In arguing that the Sycamore is programmable, Google goes to great lengths to prove that it could be made to behave like any quantum circuit. This would make the Sycamore really really powerful, but there are two important caveats. Yes, the Sycamore can imitate any quantum circuit, but (a) only up to a width of 53 qubits and more importantly (b) the imitation will be noisy and leak quantum information. This leakage of quantum information unfortunately makes the Sycamore not powerful enough to run any of the known useful quantum algorithms at sizes that will be difficult for traditional computers — including the ‘quantum amplification’ schemes that will lend quantum computers real power. The Sycamore is just about powerful enough to run the totally made-up task specifically made to show that there is some task on which a quantum computer wins. The Sycamore, though, is the most powerful a quantum computer has ever been, and so Google's absolutely real technical achievements are quite amazing.

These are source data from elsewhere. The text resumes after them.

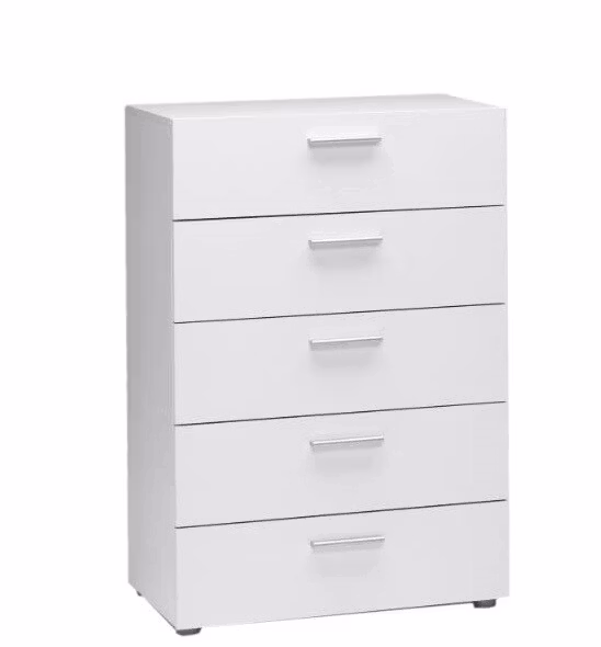 PEPE 70072 VIT Byrå med 5 lådor Höjd: 102 cm, bredd: 70 cm, djup: 40,5 cm. Basmaterial: möbelskiva, melaminfolie. Skötselråd: torka med en trasa fuktad
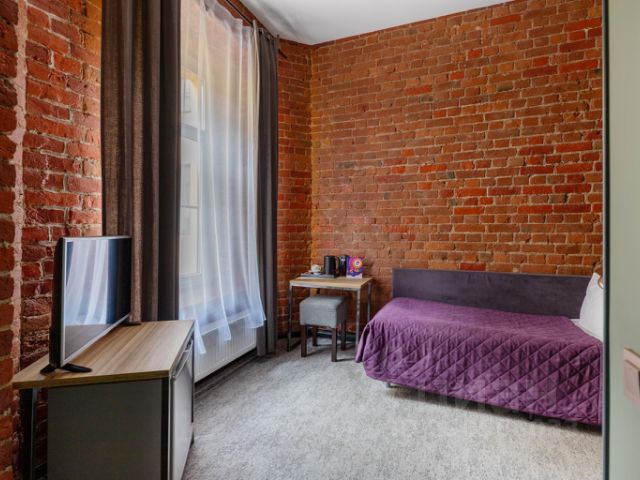 Уютный одноместный номер оборудован 1-спальной кроватью, собственной ванной комнатой с душем, феном, LCD-телевизором, мини-холодильником, сейфом, рабочим местом, шторами блэкаут. Для удобства гостя в номере есть халат, тапочки, косметический набор, бутилированная вода и ассортимент чая.
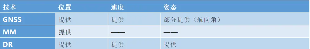 车机融合定位项目使用了GNSS、MM和DR三项技术,每项技术能够提供全部或部分车机导航信息,如表3所示。以位置信息为例,GNSS、MM和DR都输出车机位置,但由于不同技术手段有各自的误差源,致使不同技术的定位结果并不相同。
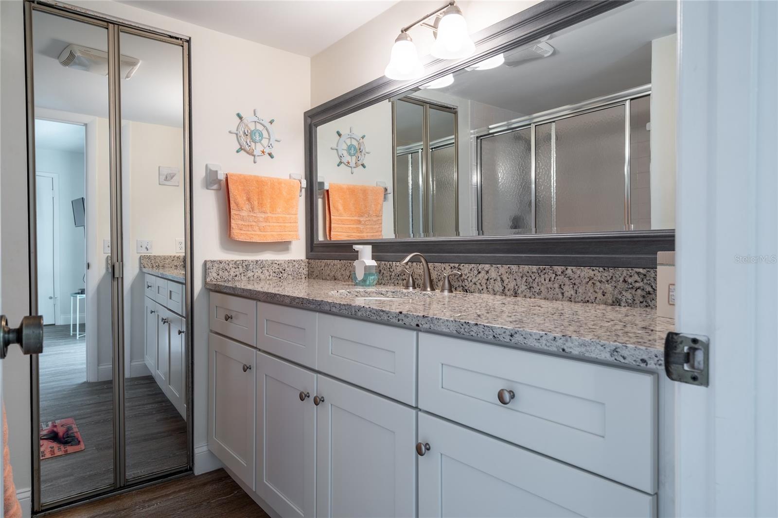 Meticulously kept, secluded paradise by the beach! This remodeled 2/2 New Smyrna Beach home with 1,298 square feet tucked away in the rear of Bahamian Club condos has numerous updates. The front entrance area has been tactfully opened to air conditioning and boasts all newer storm windows. Glass front door and upstairs sliders are new and hurricane resistant. The kitchen was remodeled with soft-close cabinetry, numerous undercabinet space-saving slide outs, and all appliances stay with your new home. The large primary suite includes a walk-in closet, a private bath with walk-in shower, and access to the private patio that is perfect for catching the most beautiful sunrises. The second bedroom is even larger than the primary and has a full bath right next to it. All three bathrooms have matching granite and newer vanities with soft-close cabinets. The current owner installed gorgeous pavers at front entrance area, the air conditioning system was installed in 2020 and has been serviced every 6 months, and the washer and dryer stay. This little community offers a pool, community activities, a clubhouse, shuffleboard and pickleball courts. The condo fee includes cable TV, internet, insurance, grounds, trash and exterior maintenance. If you’re out of town, you could potentially even rent your home out as a vacation rental. This home’s beautiful furnishings are negotiable. Just a short ride to all the quaint restaurants of New Smyrna Beach, but Daytona and Ormond Beaches, Deland, and Orlando are all easily accessible from New Smyrna Beach. All measurements are approximate and should be independently verified.
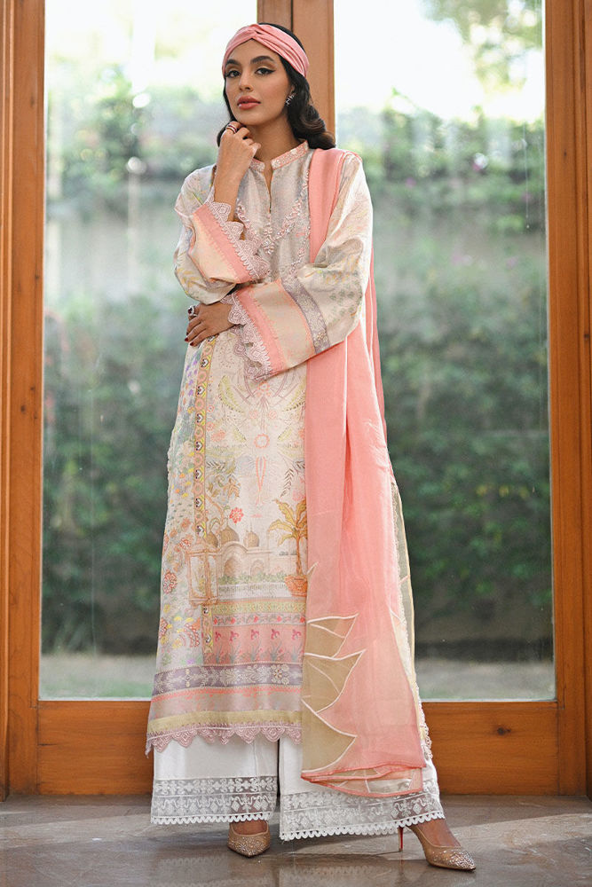 A refined ivory A-line shirt with a delicate digital print in hues of pink, purple, and yellow. The band collar is complemented by intricate applique work on the neckline, adorned with sequin, Moti, Cutdana, and pearl touches. Paired with wide-leg pants featuring an organza border, the ensemble is completed with an elegantly oversized floral applique on the dupatta.

(Interestingly there is a proposal by Scott Aaronson (who graciously pointed out inaccuracies in a previous version of this blog) about how this totally made-up task can be used to do something useful — to create ‘provably random’ numbers. Essentially a task that can be performed realistically only by quantum sampling (like the task on which the Sycamore wins), must have been performed by quantum sampling. The output of this task must have then come about by quantum collapse, which physicists accept to be the de-facto definition of randomness. Somewhat ironically, actually proving the randomness of the generated provably random number requires massive computation on a traditional supercomputer!)
In conclusion …
Google's achievement in the Sycamore project is great and advances the field of quantum computing both theoretically and practically. But in the long march towards real quantum supremacy, the medal of 'quantum supremacy' has been won ‘on a technicality’.

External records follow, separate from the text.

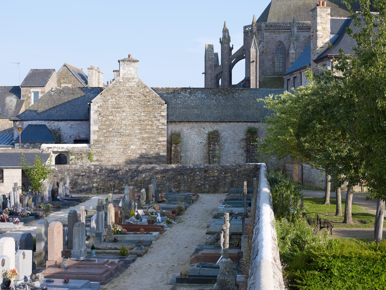 Tréguier : cloître de la cathédrale, mur extérieur nord flanqué de contreforts. Au premier plan, le cimetière Saint-FiacreImmatriculation
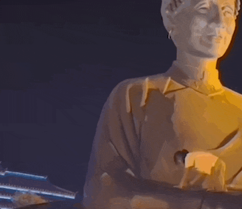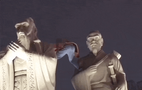 他跨坐在雕像肩头,对着镜头比出胜利手势,下面的人喊他下来,出片主角却不听劝告。
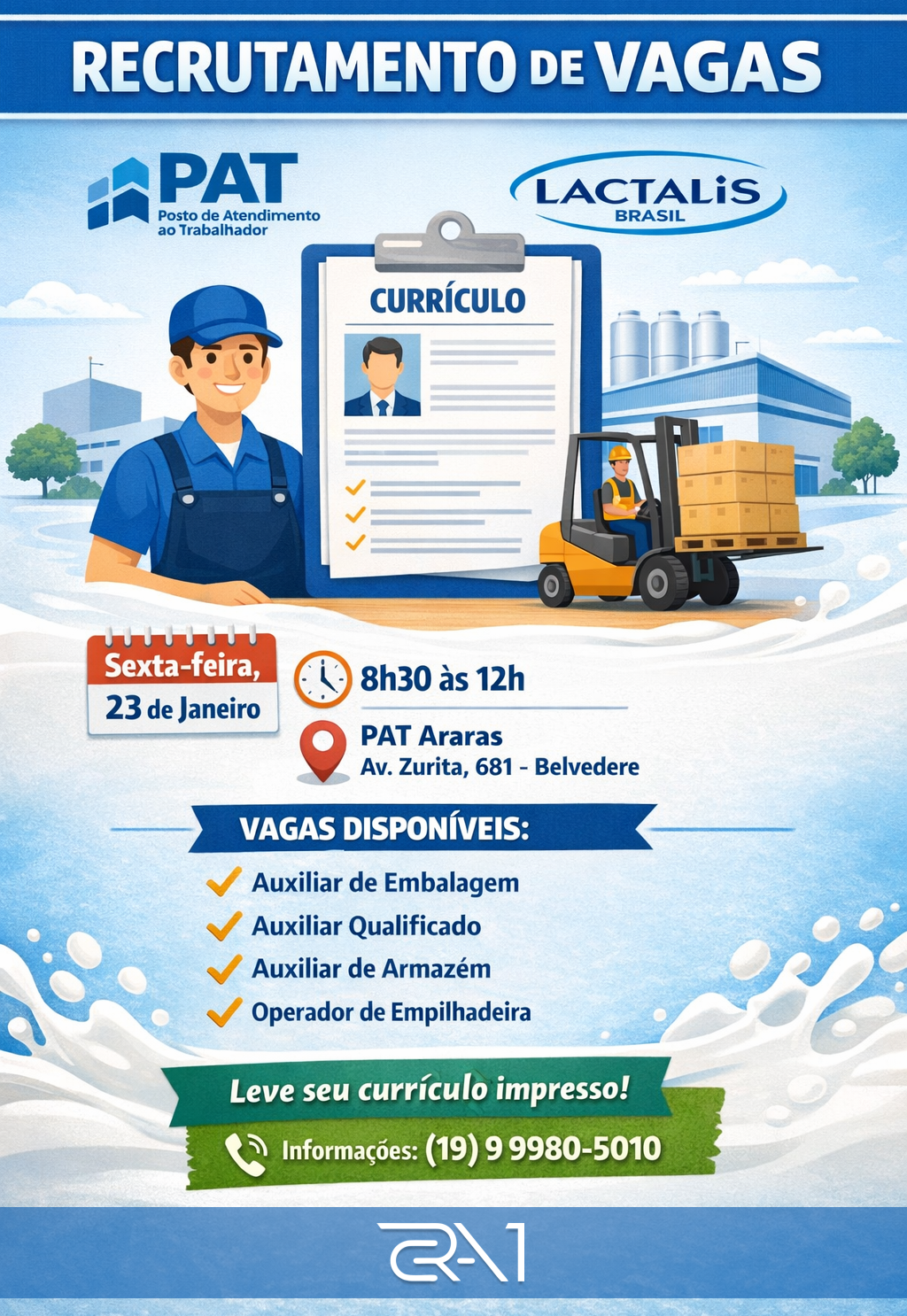 O PAT de Araras realiza hoje, sexta-feira (23), uma ação de recrutamento em parceria com a Lactalis Brasil para o preenchimento de vagas de emprego na unidade da empresa.
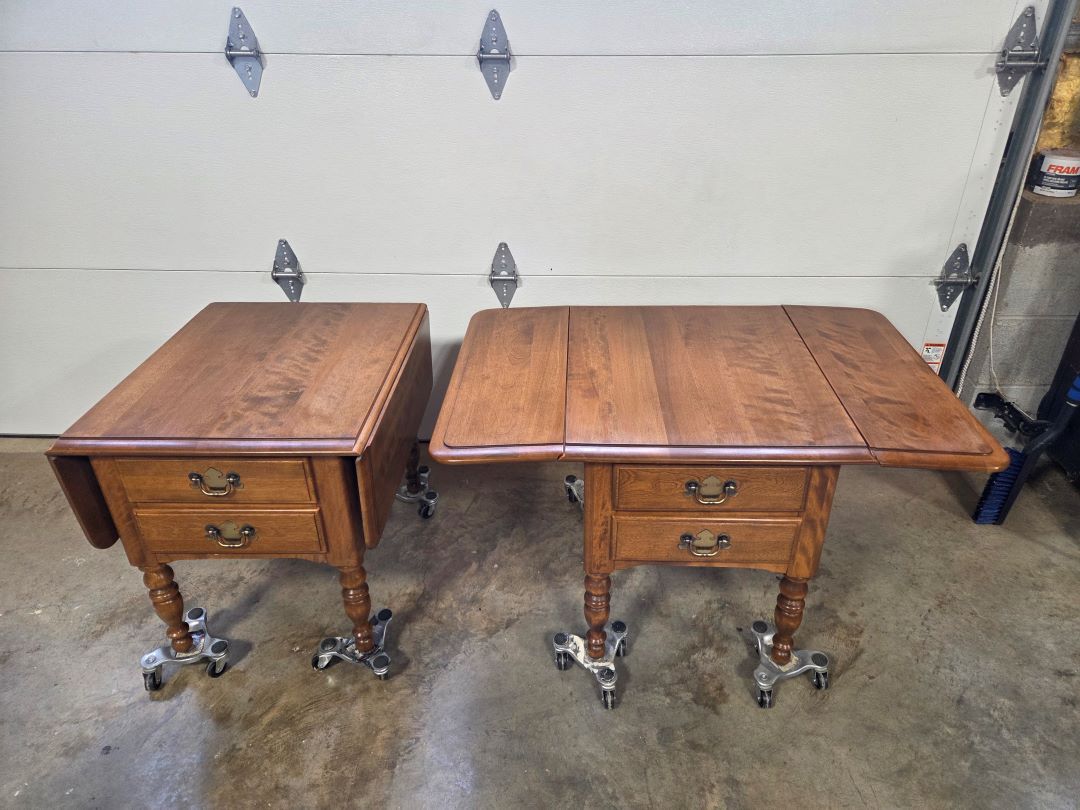 Ethan Allen Solid Wood Drop-Leaf End Tables – Pair
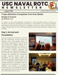12-18 August: 26 members of the Trojan Battalion, 2 Alumni and Professor Zerunyan traveled to France for a Battle Study of the Normandy invasion (WWII) and Belleau Wood (WWI). The plan is to make this an annual event and a limited number of alumni are invited to join.
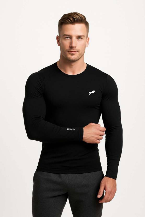 Solids, Full Sleeves T-Shirt, Athleisure, Performance/ Activewear Tees, Brand Logo Tee

In their paper, Google cites a widely held belief in quantum computing circles that while the power of traditional computers is increasing exponentially, the power of quantum computers is increasing doubly exponentially. The argument is as follows: qubits in quantum computers will grow exponentially, and thus the computing power of quantum computers — which itself grows exponentially with increasing qubits — will grow doubly exponentially. I personally have a tough time subscribing to this view because it disregards the pesky problem of quantum information leakage: the very problem that causes Google Sycamore's quantum fidelity to be so low. If double exponentiality turns out to be true, then quantum computers will one day surpass traditional computers. But the arguments for and against this belief are both anecdotal, which is a way to say no one knows what will actually happen.
So is it time to put down our CPUs and our GPUs and go fully quantum in all (or some) of our projects? No. Absolutely not. Not yet anyway. Will quantum computers one day beat traditional computers? No one knows. We are all guessing. Only time will open that box. But if the information leaks, we will be sure to let you know!